STORED DATA: Begin

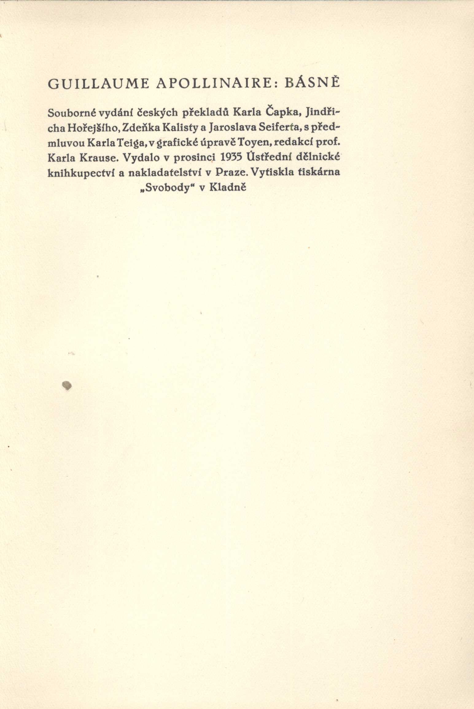 Keywords Čapek K. * francouzská literatura * poezie * Apollinaire G. * básně * české překlady * Hořejší J. * Kalista Z. * Seifert J. * frontispis * Toyen * r. 1935
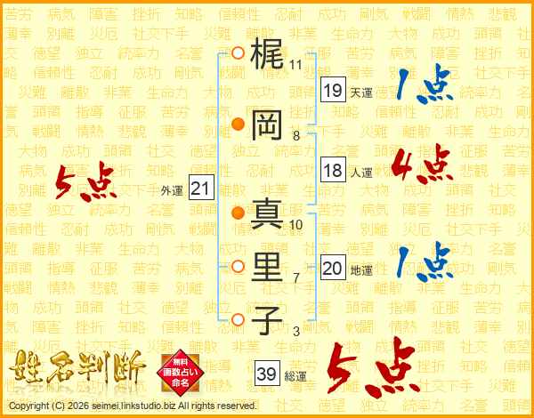 梶(11画)岡(8画) 真(10画)里(7画)子(3画)
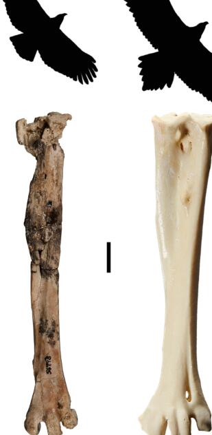 Archaehierax sylvestris的假设轮廓和跗跖骨化石(左)与楔尾鹰(右)作比较,比例尺长10毫米。(J Blokland/Flinders University提供)

STORED DATA: End

> **EXERCISE DIRECTIONS**
Leaving the pictures behind, return every line above exactly.

> **REPLY TO THE EXERCISE**
 Keywords Čapek K. * francouzská literatura * poezie * Apollinaire G. * básně * české překlady * Hořejší J. * Kalista Z. * Seifert J. * frontispis * Toyen * r. 1935
 梶(11画)岡(8画) 真(10画)里(7画)子(3画)
 Archaehierax sylvestris的假设轮廓和跗跖骨化石(左)与楔尾鹰(右)作比较,比例尺长10毫米。(J Blokland/Flinders University提供)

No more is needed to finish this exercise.